C today’s topic here: Clay Henry and Cicero
It was very nice of Toby to let me share in some of his challenge duties. He’s taken over staring at Mable and Matilda while I present the “C” subjects.
First we have Clay Henry, who was a goat that resided in Texas. One day in 1986 he was elected mayor of Goat Mountain (aka Lajitas), a super small town in southwestern Texas. Clay Henry wasn’t a shoo-in – he had competition: from a man who lived in Houston, some 500 miles away, a wooden stature of a Native American that stood outside the local trading post and a local dog named Buster. Mayor Clay served until his death at the very old age of 23, in 1992. His major claim to being famous was not that he was mayor but that he loved beer. His citizens always made sure he got his daily ration of beer – and then some!
Being the most powerful goat in town, Clay Henry started a political dynasty that continues on. After the original Clay, next came his son, Clay Henry, Jr. who served until 1998. And then Clay Henry the Third who began serving in 1998. The most recent update Toby found was in 2008, Clay Henry III was still serving as mayor and fortunately sired a son, Clay Henry IV, before being rudely castrated by a local drunk. (The drunk was caught and arrested; Clay Henry recovered.) Maybe this is why Toby didn’t want to share this with you – it brought back memories of being neutered!!He’s almost a tuxedo goat!!!
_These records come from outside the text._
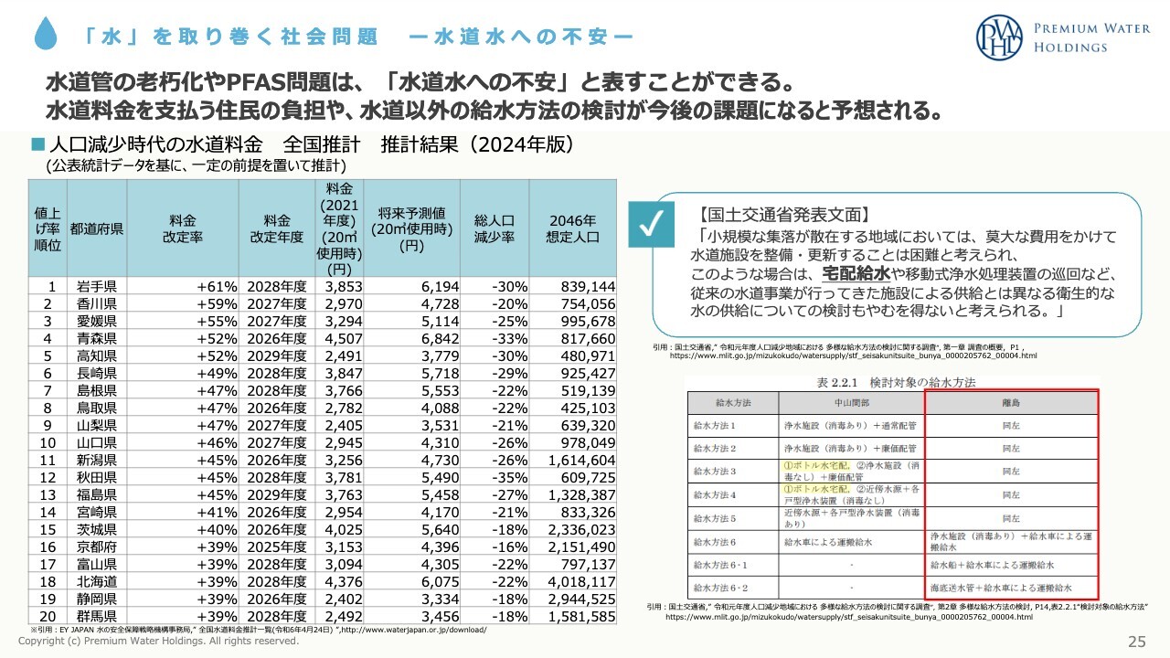このように、エリアによっては水道水自体が供給できない場所が出てくる可能性が高いと言われています。そのため、そのような状況では、天然水や宅配水の必要性、重要性が確実に高まると考えています。
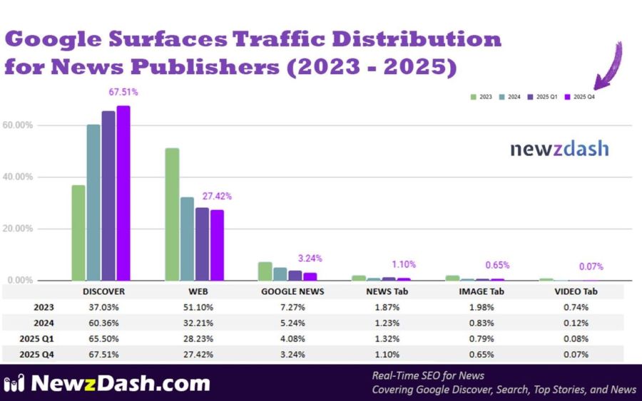 Параллельно с падением доли Web Search стремительно рос Google Discover: к концу 2025 года на него приходится уже 67,5% всего трафика новостных сайтов, получаемого из сервисов Google. Фактически индустрия перешла от модели «пользователь ищет новости» к модели «алгоритмы решают, какие новости пользователь увидит».
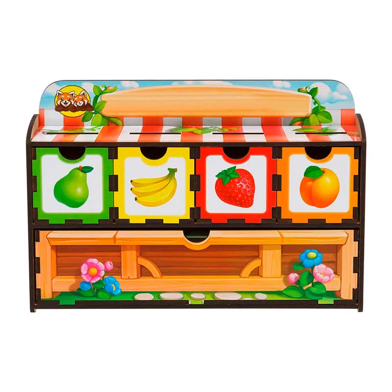 Чарівна скринька для навчання дитини рахунку і кольорам. У наборі йдуть 7 планок з різною кількістю вкладишів овочів і фруктів: банан, абрикос, груша, полуниця, гарбуз, огірок, помідор, кукурудза, які необхідно правильно вкласти в 4 двосторонніх скриньки (малюнок з двох сторін) за кольором і тематичним зображенням.
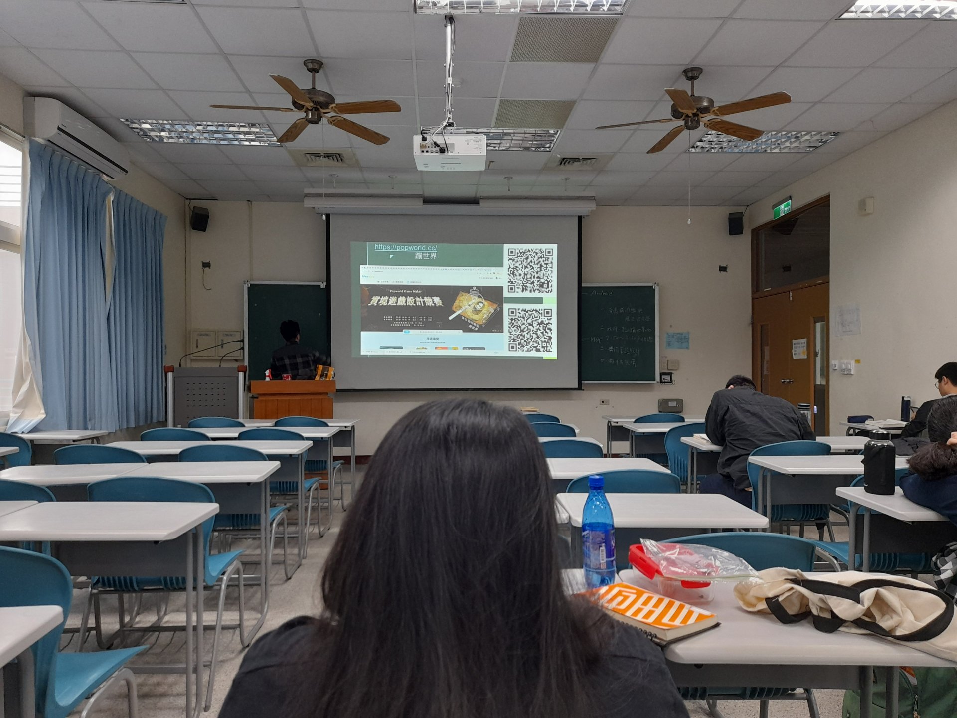 這是上課的地方,院上的族群學生會也會使用教室進行例會活動;族文系的系員大會也辦在這裡。學生幾乎都不會坐在前面的位子,都會坐在後面做自己做的事啊。
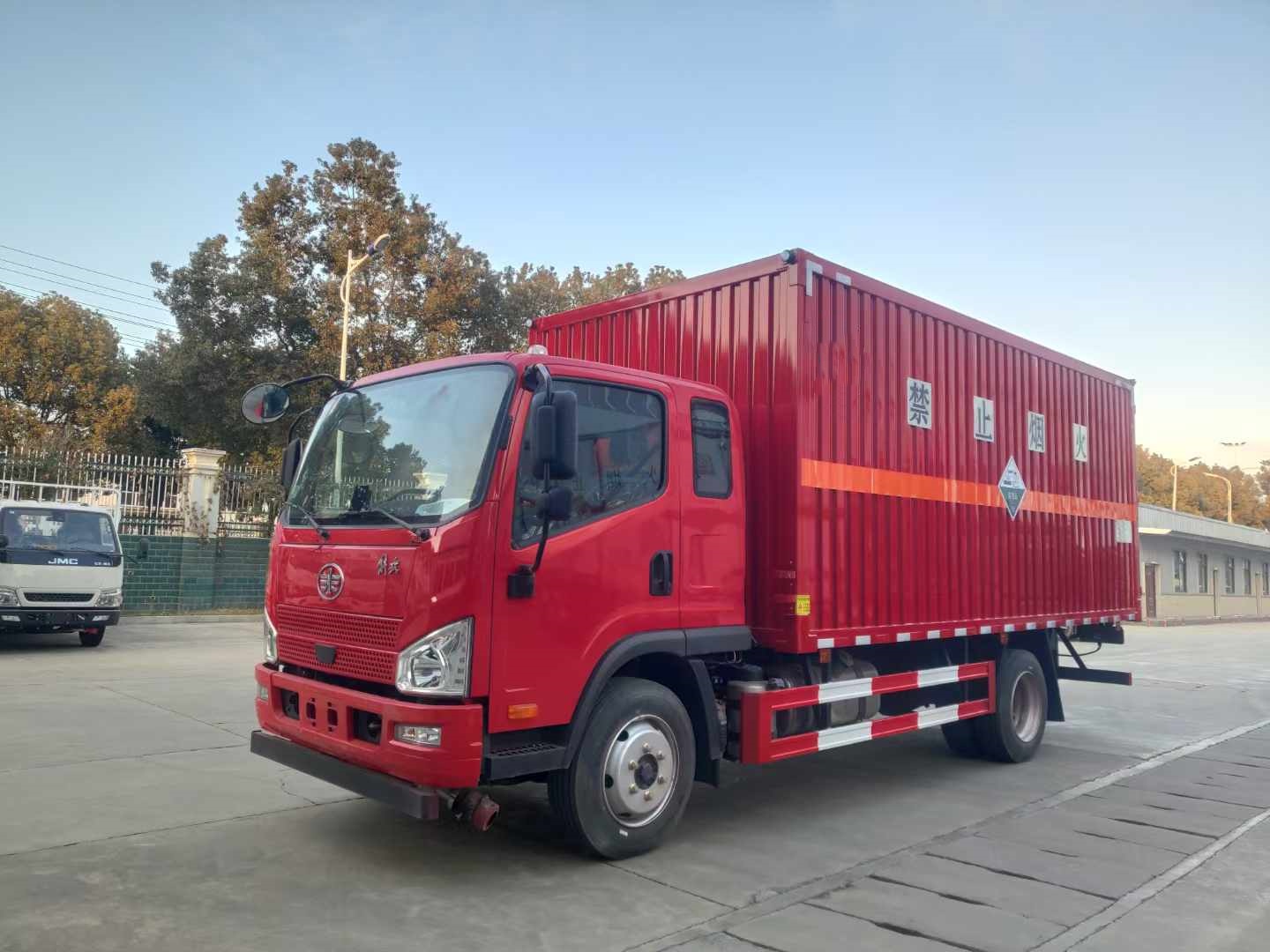 解放J6F國六危險品車可選單排及排半駕駛室,箱體尺寸多種可做。尾部可加裝液壓尾板,顏色可多選,讓您用車更無憂!
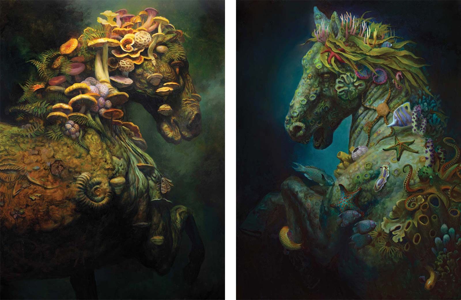 In Aspect of Winter, a wolf made of ice and snow crouches on top of a massive iceberg. The surrounding trees are dwarfed by the wolf, giving us that sense of enormous scale. Both Aspect of Earth and Aspect of Water are portraits of horses that are metamorphosing into their surroundings. In the painting representing Earth, the horse is made up of mushrooms, ferns and moss; and in the one representing water, the horse looks like part of a coral reef.
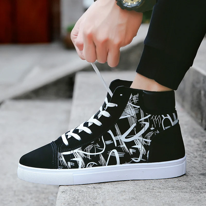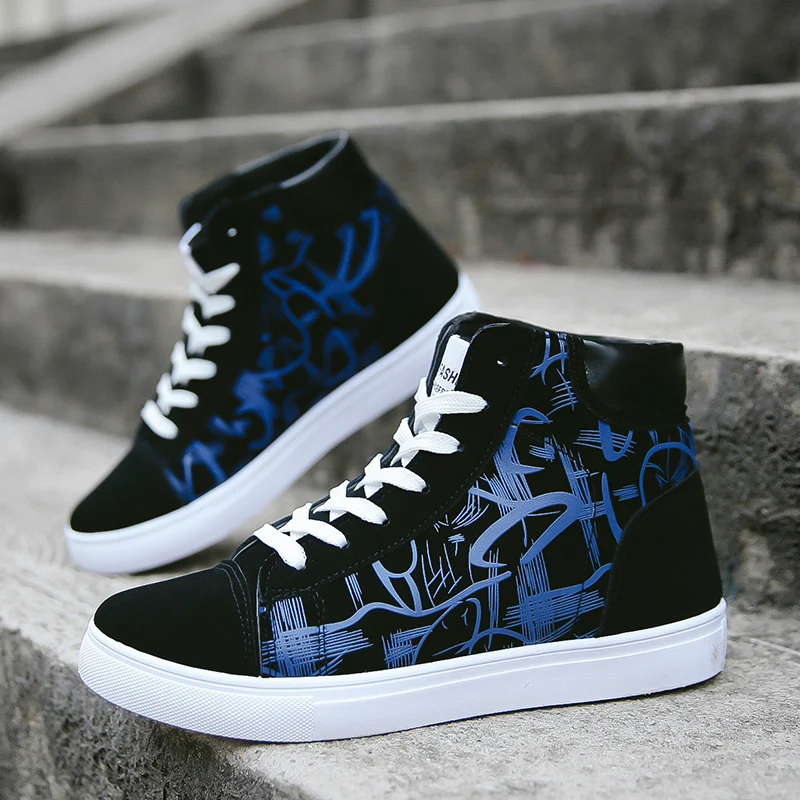 Мужские модные повседневные кроссовки черного, синего, красного цвета, молодежная универсальная спортивная обувь, легкие дышащие холщовые кроссовки с высоким верхом
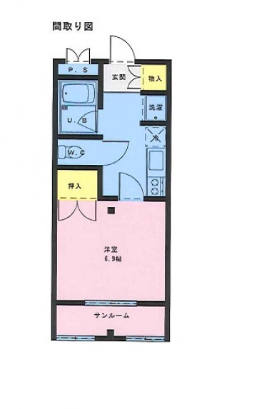 間取詳細 | 洋室(6.9帖)、サンルーム、収納、キッチン、浴室、トイレ |

A skewbald* draft horse named Cicero began his working career in the lowly profession of a milkman’s horse. He was known as Paddy then and lived in Edinburgh, Scotland. Paddy and his owner delivered milk to many houses in town, one of which was Holyrood House, where Queen Elizabeth stays when she visits Edinburgh. One day on their usual route, they found their way blocked by a very noisy royal parade. Paddy reportedly watched with interest, and, not being bothered by the noise and commotion of the troop, music, drums, other horses and the crowd, the large horse stood completely still until the parade passed by. A few days later the milkman received a letter from the queen’s Household Calvary. It seems a colonel of the Calvary noticed Paddy standing calmly unmoved as the parade passed and they were looking for horses that were able to remain calm in the midst of chaos.That’s quite the parade!!
In 1968, Paddy was on his way to the Royal Mews at Buckingham Palace in London to begin months of training. He was renamed Cicero and promoted to the lofty profession of Drum Master’s horse. He paraded with the Life Guards, the queen’s bodyguards, and spent 10 years in parades carrying 2 118-pound drums plus the Drum Master. When he retired in 1979, Cicero was (and still is) one of the longest serving drum horses. Look at those hooves – they’re huge!!! Also, I hope you notice Cicero is walking on his own with no one guiding him. Very smart horse.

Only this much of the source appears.